One thing that everybody wants when you have Chinese food, is the Spring Rolls. Usually when you have takeout, you never get enough Spring Rolls for all the guests in the table. It is first come, first serve. With my recipe I make sure that everyone that comes to have Spring Rolls for lunch gets his fair share of 2 to 3 Spring Rolls.

Spring Rolls

Spring Rolls

Spring Rolls can have a lot of different fillings. Some people like all vegetarian rolls. Others like them with pork, chicken, or shrimp. I personally like all flavors of Spring Rolls, but the pork flavored ones are the one I enjoy the best. Here is my recipe for Pork filled Spring Rolls, and I hope you enjoy it.

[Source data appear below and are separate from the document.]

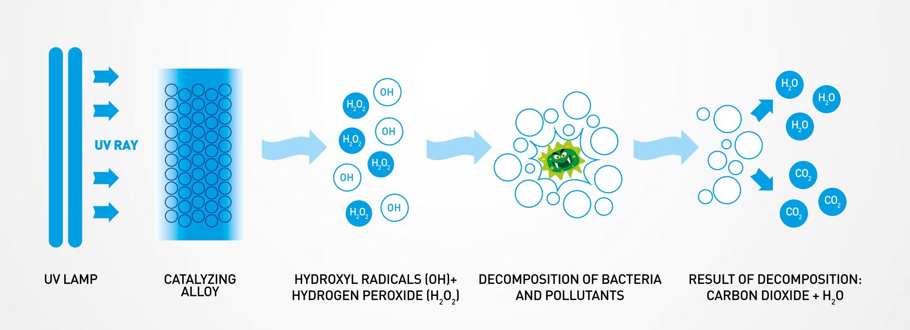 Alla base di questo sistema c’è la tecnologia PCO™ (Ossidazione Fotocatalitica), che imita e riproduce ciò che avviene in natura sfruttando l’azione combinata dei raggi di una speciale lampada UV con una struttura catalizzatrice senza per questo incidere su potenza e consumi delle imbarcazioni.
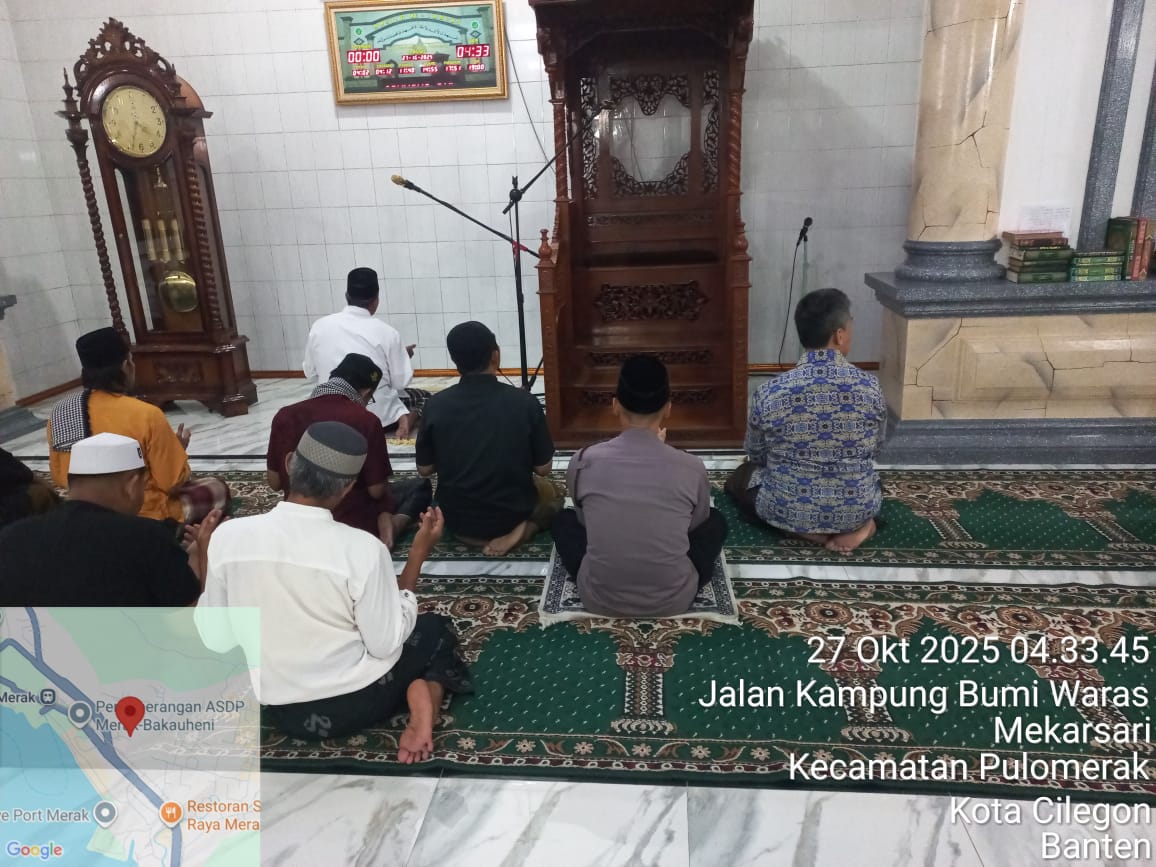 Cilegon – Personil Kskp Merak Polres Cilegon Polda Banten menggelar kegiatan Pembinaan Rohani dengan shalat subuh keliling di Masjid Yang ada Di Daerah hukum Polsek Kp Merak Polres Cilegon Polda Banten, Senin (27/10/2025).
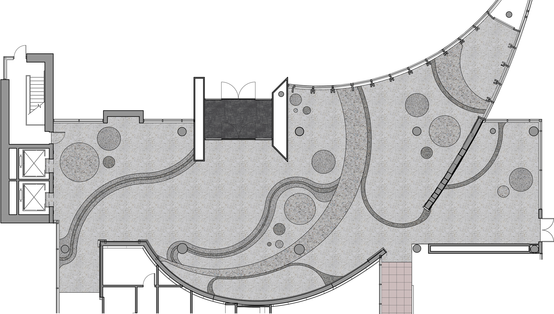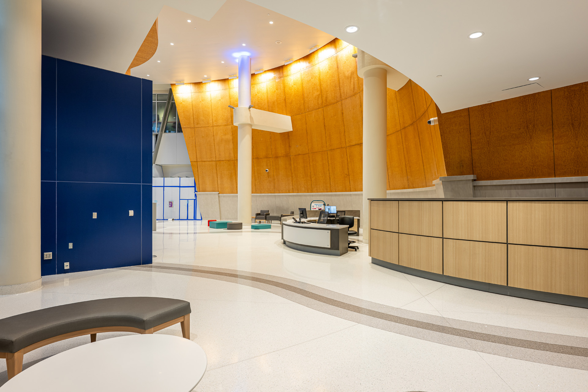 A new serpentine-pattern terrazzo floor guides visitors into and through the lobby, providing both a playful visual cue and a highly durable surface capable of withstanding hundreds of thousands of patient visits each year. The existing ceiling was replaced with a metallic, micro-perforated system that improves sound absorption while offering superior longevity in a demanding healthcare setting.
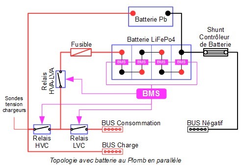 Lorsque le relais HVC s’ouvre pour déconnecter la batterie au lithium du Bus de charge, les systèmes de charge ont toujours une batterie à charger et ne sont pas perturbés. Il est important d’avoir les sondes de tension des systèmes de charge connectés après le relais afin que la régulation de charge se fasse correctement lorsque le relais est ouvert.
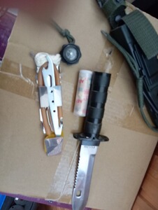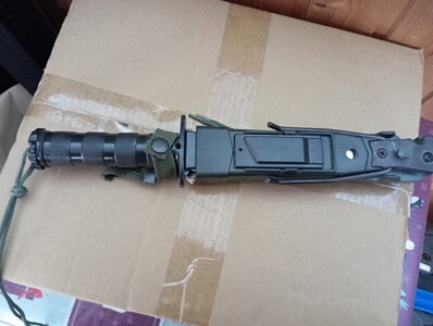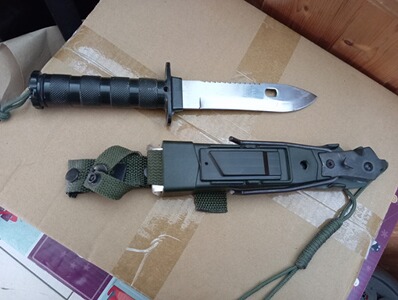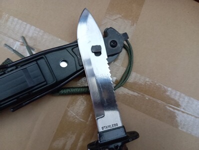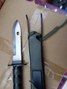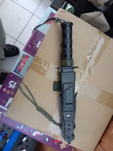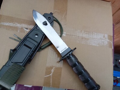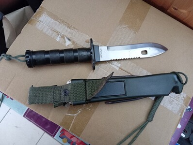 Geschwärzte, 5 mm starke Klinge aus rostfreiem Edelstahl mit scharfer Säge auf dem Rücken. Heft und Klappe sind aus rostfreiem Stahl (antimagnetisch) mit Hohlraum. An der Verschlusskappe ist ein Kompass und eine Sicherheitsschnur zur Hangelenkbefestigung angebracht. In einen zusätzlichen Fach der Scheide ist ein Beimesser untergebracht, das "Skinner ", mit einer Länge von ca. 12,5 cm und einer Stärke von ca. 2 mm.
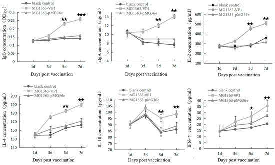 The IL-2, IL-4, IL-10, IFN-γ, total sIgA, and anti-VP1 antibody were detected at 3, 5, and 7 days. One-way analysis of variance multiple range test in GraphPad prism5 was used to analyze data. Statistical significance of p-values < 0.05 was set (Figure 5). The concentrations of IgG, sIgA, IL-2, IL-4, and IFN-γ in ducklings of MG1363-VP1 were significantly higher than those in ducklings of MG1363-pMG36e and the blank control group on days 5–7. The concentration of IL-10 in MG1363-VP1 group rose to the peak at the third day; it then went down and rose again.

For Pork filled Spring Rolls

1/2 Cup Cabbage
1/2 Pound of Ground Pork
1/4 Cup of Bean Sprouts
2 Cloves of Garlic
1 Small Carrot
2 Tablespoons of Soy Sauce
1 Teaspoon of Salt
2 Tablespoons of Olive Oil
10 Spring Roll Wrappers

Julian (cut in small strips) the carrots. Add the olive oil to a frying pan an bring to high heat. Add the carrots. Cut the cabbage into small match-like strips. Add cabbage to the frying pan. Finely Mince the garlic, and add to the frying pan. Add the pork, salt, and bean sprouts. Fry all the ingredientes until the meat is cooked. At the end add the soy sauce. Let it cool. Place the Spring Rolls wrappers as a diamond in front of you. Put 3 Tablespoons of fillings on 1/3 of the bottom part of the wrapper, in a line. Fold the bottom part of the wrapper to cover the filling. Fold the sides, and the continue to roll. Add some water at the end to make the dough stick. Fry at 350F for 3 to 5 minutes until golden brown. Serve with sweet and sour sauce, or thai hot sauce.